LISTED ENTRIES:
==*==

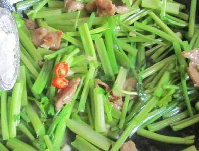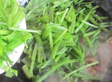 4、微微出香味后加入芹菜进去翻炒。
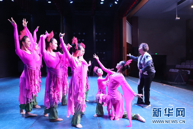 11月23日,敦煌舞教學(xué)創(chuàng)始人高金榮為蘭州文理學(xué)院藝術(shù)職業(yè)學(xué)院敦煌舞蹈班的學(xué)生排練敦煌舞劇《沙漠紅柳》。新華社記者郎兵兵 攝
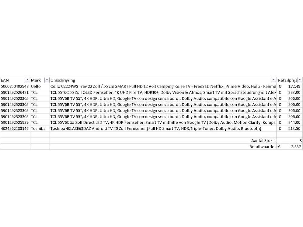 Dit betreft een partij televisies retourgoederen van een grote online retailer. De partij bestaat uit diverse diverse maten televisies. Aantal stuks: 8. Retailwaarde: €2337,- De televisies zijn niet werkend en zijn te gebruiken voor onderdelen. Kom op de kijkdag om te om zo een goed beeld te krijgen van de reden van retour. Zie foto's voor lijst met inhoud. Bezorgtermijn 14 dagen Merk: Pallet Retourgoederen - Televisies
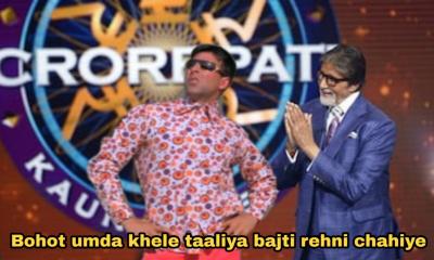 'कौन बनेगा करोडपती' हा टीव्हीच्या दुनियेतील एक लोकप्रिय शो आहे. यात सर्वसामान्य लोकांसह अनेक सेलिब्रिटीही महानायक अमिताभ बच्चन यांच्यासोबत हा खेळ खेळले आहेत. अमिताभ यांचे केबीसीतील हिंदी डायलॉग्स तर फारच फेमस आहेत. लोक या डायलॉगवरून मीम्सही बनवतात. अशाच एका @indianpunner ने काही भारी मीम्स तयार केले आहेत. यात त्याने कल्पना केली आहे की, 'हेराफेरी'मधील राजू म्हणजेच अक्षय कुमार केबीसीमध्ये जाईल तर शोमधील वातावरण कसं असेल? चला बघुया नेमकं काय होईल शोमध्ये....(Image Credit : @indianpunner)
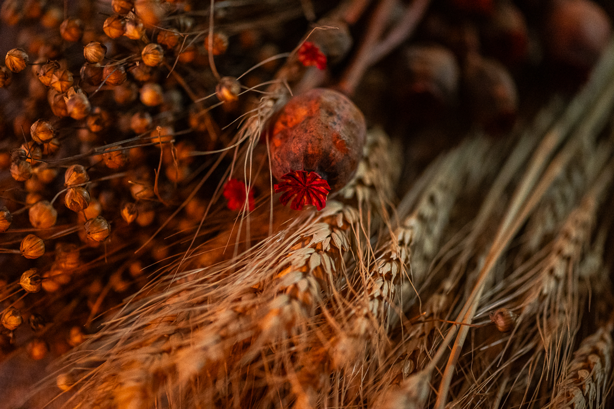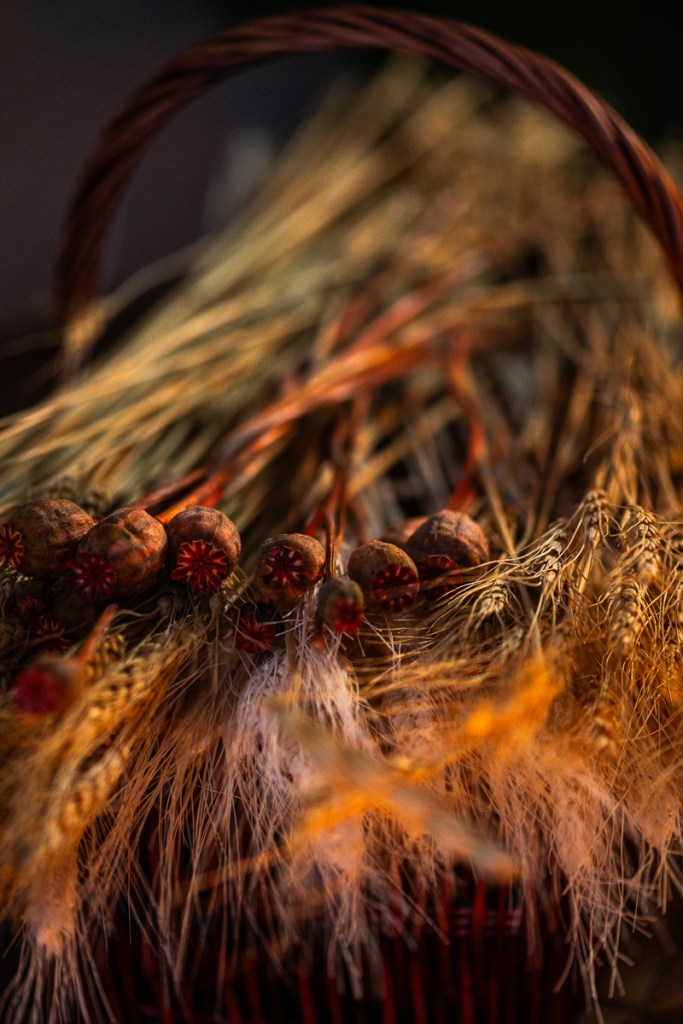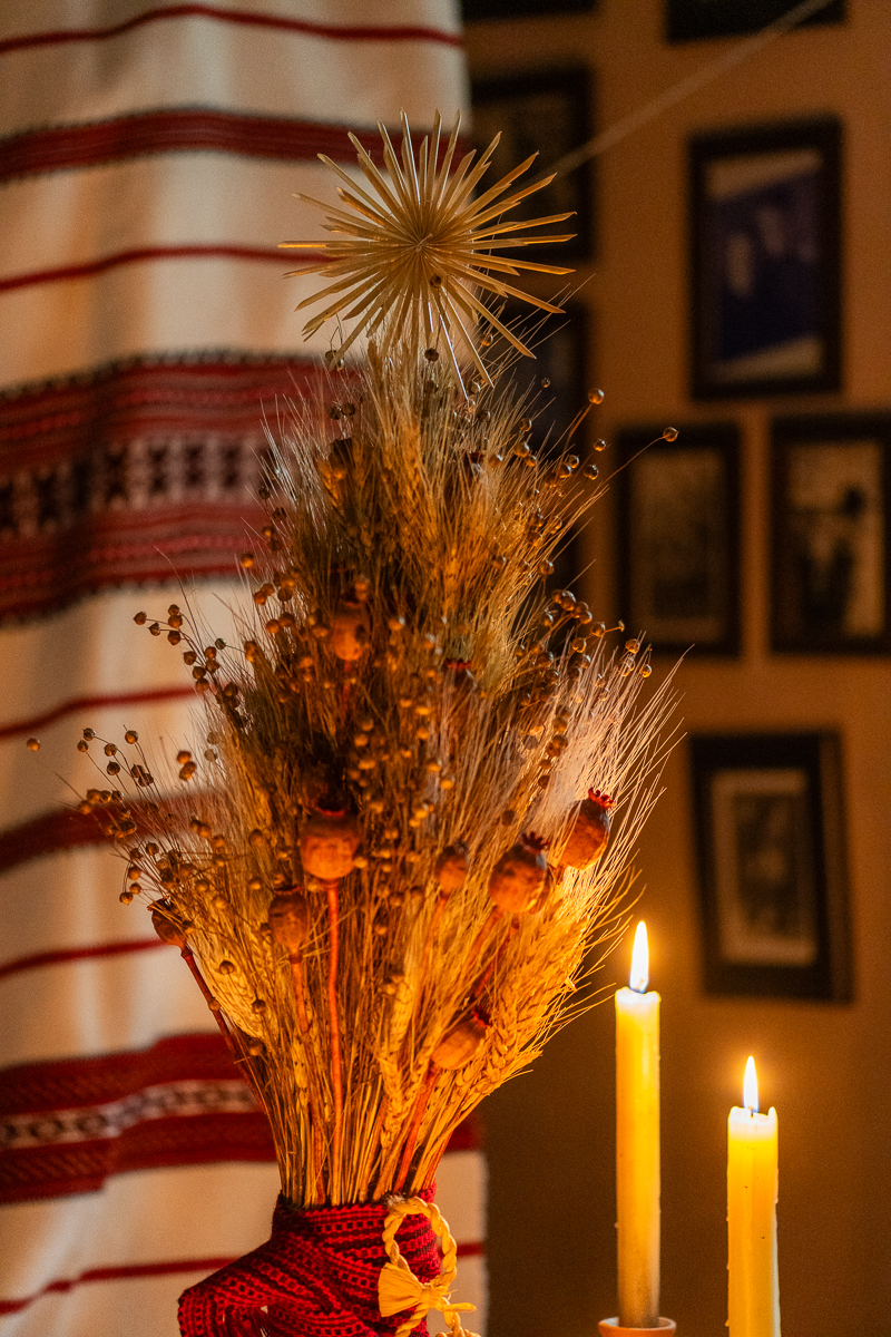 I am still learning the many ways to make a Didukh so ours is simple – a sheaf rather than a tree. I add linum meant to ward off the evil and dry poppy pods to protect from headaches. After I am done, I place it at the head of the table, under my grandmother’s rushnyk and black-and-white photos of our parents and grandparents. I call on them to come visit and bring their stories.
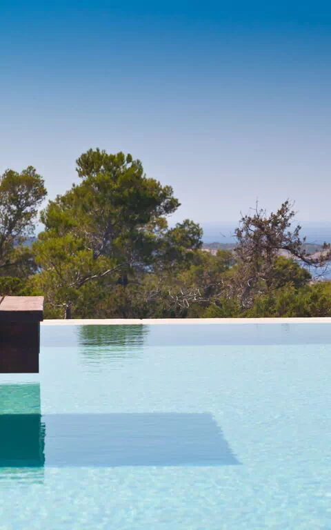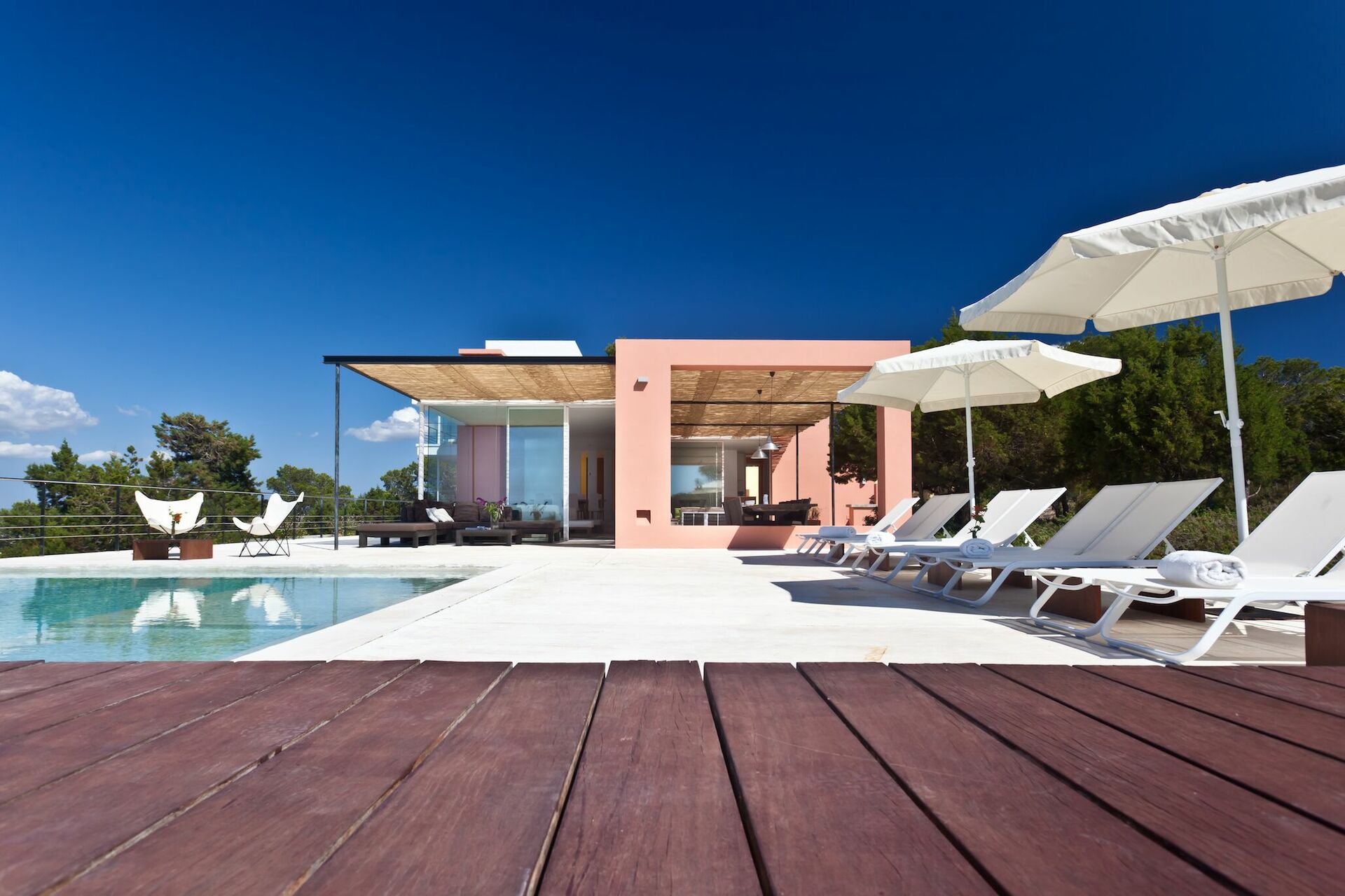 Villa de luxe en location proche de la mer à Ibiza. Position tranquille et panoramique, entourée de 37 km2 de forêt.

==*==

WHAT YOU NEED TO DO: Leave out every picture, and copy exactly the lines above starting at the one holding "11月23日,敦煌舞教學(x" and ending at the one holding "Credit : @indianpunner)", no more and no less.

ANSWER SECTION:
 11月23日,敦煌舞教學(xué)創(chuàng)始人高金榮為蘭州文理學(xué)院藝術(shù)職業(yè)學(xué)院敦煌舞蹈班的學(xué)生排練敦煌舞劇《沙漠紅柳》。新華社記者郎兵兵 攝
 Dit betreft een partij televisies retourgoederen van een grote online retailer. De partij bestaat uit diverse diverse maten televisies. Aantal stuks: 8. Retailwaarde: €2337,- De televisies zijn niet werkend en zijn te gebruiken voor onderdelen. Kom op de kijkdag om te om zo een goed beeld te krijgen van de reden van retour. Zie foto's voor lijst met inhoud. Bezorgtermijn 14 dagen Merk: Pallet Retourgoederen - Televisies
 'कौन बनेगा करोडपती' हा टीव्हीच्या दुनियेतील एक लोकप्रिय शो आहे. यात सर्वसामान्य लोकांसह अनेक सेलिब्रिटीही महानायक अमिताभ बच्चन यांच्यासोबत हा खेळ खेळले आहेत. अमिताभ यांचे केबीसीतील हिंदी डायलॉग्स तर फारच फेमस आहेत. लोक या डायलॉगवरून मीम्सही बनवतात. अशाच एका @indianpunner ने काही भारी मीम्स तयार केले आहेत. यात त्याने कल्पना केली आहे की, 'हेराफेरी'मधील राजू म्हणजेच अक्षय कुमार केबीसीमध्ये जाईल तर शोमधील वातावरण कसं असेल? चला बघुया नेमकं काय होईल शोमध्ये....(Image Credit : @indianpunner)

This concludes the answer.